Intel CEO Lip-Bu Tan said it plainly in February 2026: no relief on the AI capacity crunch until 2028. That is six more quarters of constrained GPUs, power, data centers, memory, and CPUs. Sam Altman said OpenAI was out of GPUs in February 2025. Oracle's Safra Catz said customers were being waved off or scheduled into the future in March 2025. Microsoft's Satya Nadella admitted in October 2025 that chips were sitting in inventory because there was no power to run them. Sundar Pichai called capacity the top question keeping Alphabet up at night in February 2026. This is not a single company's problem. It is a structural ceiling.

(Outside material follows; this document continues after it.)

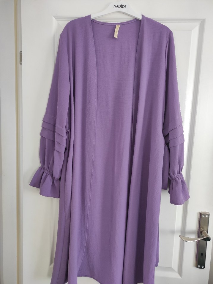 Mor pastel renkte, uzun kollu, bol kesim bohem tarzda kadın sabahlık. Desensiz ve kol detayları bulunur. Marka: NADID.
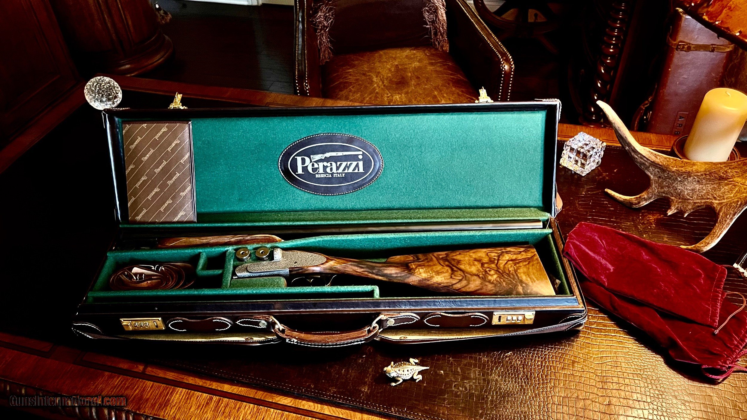 Perazzi DHO SXS 12ga Live Pigeon Style - 28” - IC/IM - DT - English Grip - Galeazzi Master Engraver - Finest Maker’s Case Cover and Accessories

The downstream consequence is rationing. Inference prices, which have been largely subsidized and static, will rise. Enterprises will be forced to decide which teams get frontier models and which get something smaller or nothing at all. Not every CRM update requires a trillion-parameter model. Marketing gets this much compute, sales gets that much, engineering probably gets more. That prioritization framework does not exist at most companies yet, and building it will be painful.

The piece is worth reading in full because Tunguz does not stop at the problem. He traces the logical chain: constraint forces optimization, optimization accelerates open source adoption, and smaller models become the default for most workloads. The question he poses is simple and worth sitting with: what happens to your business when your AI does not answer?